Comment by Ian Boros [ 29/Aug/18 ]

I read through through the code some more with David Storch, and he noticed that the call to std::abs(_pseudoRandom.nextInt32()) here could result in undefined behavior if _pseudoRandom.nextInt32() returns MIN_INT. We suspect that most compilers will do something "reasonable" in this situation, however, and are doubtful that it's the root cause of the bug (though I filed SERVER-36926).

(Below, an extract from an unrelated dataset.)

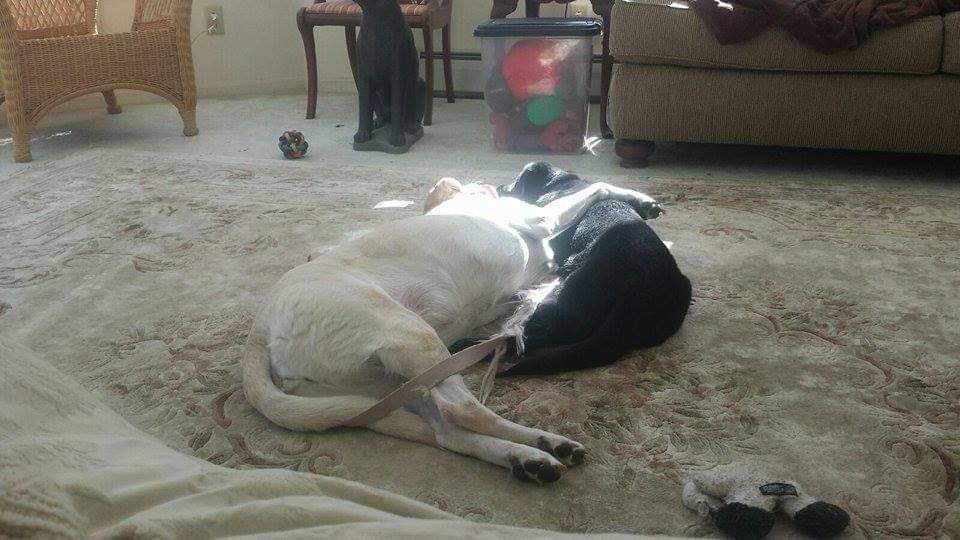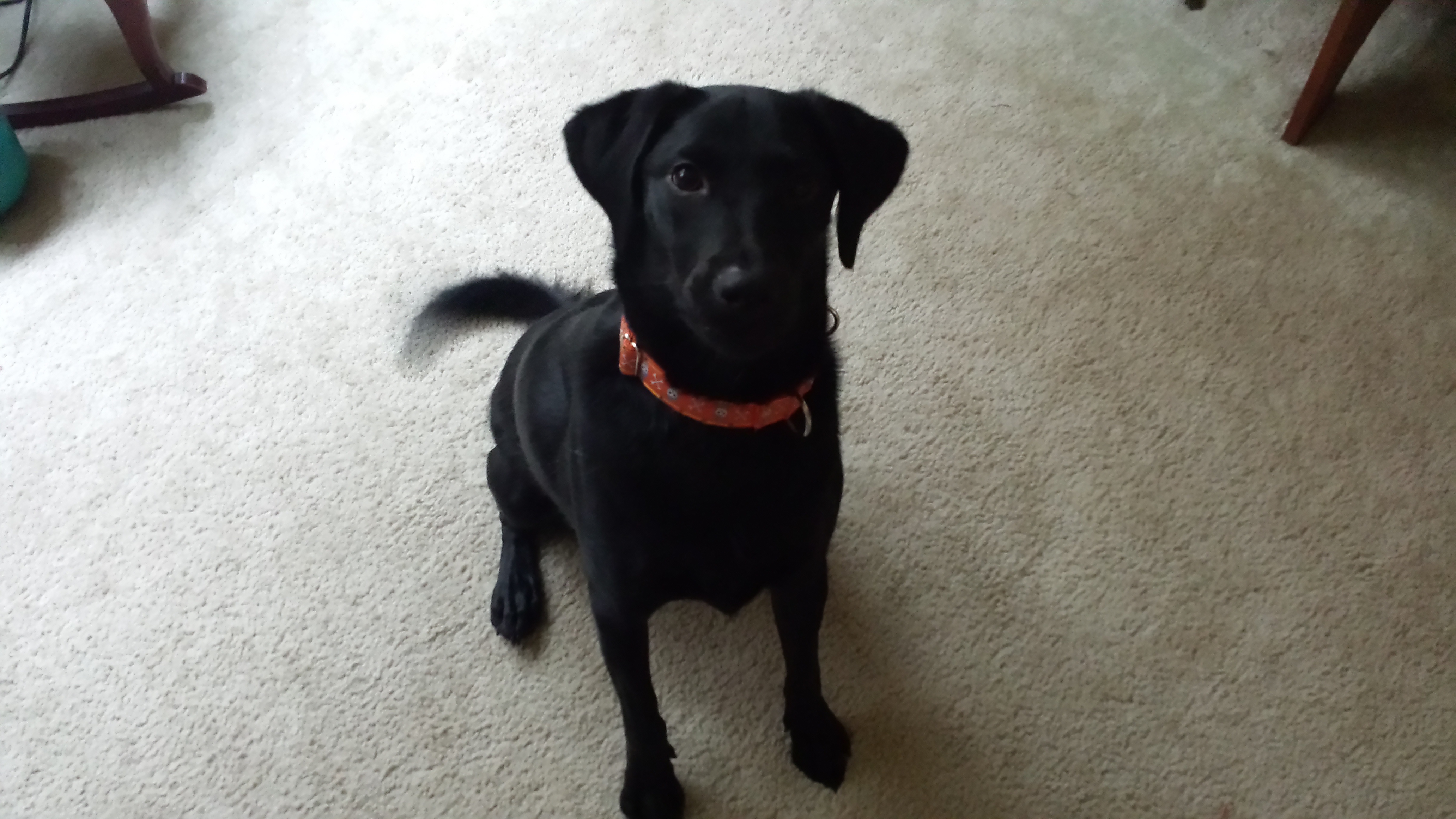 Maddox Lawrence Champion was born November 2014. Maddox came into our lives in Janurary 26, 2015 from Labs4Rescue and has been a perfect fit. Maddox and Saxon have lots of things in common, they both came from Lousiana, a high killzone, the same foster. Maddox is all black with a white speck on his left paw. This white spot did not appear until he arrived home. He must be Saxon approved!

We also still have this code on the master branch, but have never seen the bug on versions other than 3.2.

Comment by Ian Boros [ 29/Aug/18 ]

For our posterity, here's a symbolized version of the stack trace posted by Nuno Costa.

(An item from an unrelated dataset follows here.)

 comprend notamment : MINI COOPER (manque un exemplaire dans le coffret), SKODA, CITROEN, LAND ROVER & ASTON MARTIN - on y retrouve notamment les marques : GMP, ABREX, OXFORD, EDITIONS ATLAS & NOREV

 /data/mci/389eeb60e2dee304bdc665c6487a1955/src/src/mongo/util/stacktrace_posix.cpp:171:0: mongo::printStackTrace(std::ostream&)
 /data/mci/389eeb60e2dee304bdc665c6487a1955/src/src/mongo/util/signal_handlers_synchronous.cpp:180:0: mongo::(anonymous namespace)::printSignalAndBacktrace(int)
 /data/mci/389eeb60e2dee304bdc665c6487a1955/src/src/mongo/util/signal_handlers_synchronous.cpp:237:0: mongo::(anonymous namespace)::abruptQuit(int)
 ??:0:0: ??
 ??:0:0: ??
 ??:0:0: ??
 /data/mci/389eeb60e2dee304bdc665c6487a1955/src/src/mongo/util/assert_util.cpp:154:0: mongo::invariantFailed(char const*, char const*, unsigned int)
 /data/mci/389eeb60e2dee304bdc665c6487a1955/src/src/mongo/s/query/cluster_cursor_manager.cpp:472:0: mongo::ClusterCursorManager::detachCursor_inlock(mongo::NamespaceString const&, long long)
 /data/mci/389eeb60e2dee304bdc665c6487a1955/src/src/mongo/s/query/cluster_cursor_manager.cpp:310:0: mongo::ClusterCursorManager::checkInCursor(std::unique_ptr<mongo::ClusterClientCursor, std::default_delete<mongo::ClusterClientCursor> >, mongo::NamespaceString const&, long long, mongo::ClusterCursorManager::CursorState)
 /data/mci/389eeb60e2dee304bdc665c6487a1955/src/src/mongo/s/query/cluster_cursor_manager.cpp:131:0: mongo::ClusterCursorManager::PinnedCursor::returnCursor(mongo::ClusterCursorManager::CursorState)
 /data/mci/389eeb60e2dee304bdc665c6487a1955/src/src/mongo/s/query/cluster_find.cpp:474:0: mongo::ClusterFind::runGetMore(mongo::OperationContext*, mongo::GetMoreRequest const&)
 /data/mci/389eeb60e2dee304bdc665c6487a1955/src/src/mongo/s/commands/cluster_getmore_cmd.cpp:108:0: mongo::(anonymous namespace)::ClusterGetMoreCmd::run(mongo::OperationContext*, std::string const&, mongo::BSONObj&, int, std::string&, mongo::BSONObjBuilder&)
 /data/mci/389eeb60e2dee304bdc665c6487a1955/src/src/mongo/s/s_only.cpp:128:0: mongo::Command::execCommandClientBasic(mongo::OperationContext*, mongo::Command*, mongo::ClientBasic&, int, char const*, mongo::BSONObj&, mongo::BSONObjBuilder&)
 /data/mci/389eeb60e2dee304bdc665c6487a1955/src/src/mongo/s/s_only.cpp:171:0: mongo::Command::runAgainstRegistered(mongo::OperationContext*, char const*, mongo::BSONObj&, mongo::BSONObjBuilder&, int)
 /data/mci/389eeb60e2dee304bdc665c6487a1955/src/src/mongo/s/strategy.cpp:237:0: mongo::Strategy::clientCommandOp(mongo::OperationContext*, mongo::Request&)
 /data/mci/389eeb60e2dee304bdc665c6487a1955/src/src/mongo/s/request.cpp:109:0: mongo::Request::process(mongo::OperationContext*, int)
 /data/mci/389eeb60e2dee304bdc665c6487a1955/src/src/mongo/s/server.cpp:200:0: mongo::ShardedMessageHandler::process(mongo::Message&, mongo::AbstractMessagingPort*)
 /data/mci/389eeb60e2dee304bdc665c6487a1955/src/src/mongo/util/net/message_server_port.cpp:227:0: mongo::PortMessageServer::handleIncomingMsg(void*)
 ??:0:0: ??
 ??:0:0: ??

A few more observations:
1) This invariant failure has only happened while we were returning a cursor to the cursor manager via ClusterFind::runGetMore. The other code path which may detach/destroy cursors is from the cursor reaper. It's strange that we've never seen this invariant trigger from that path.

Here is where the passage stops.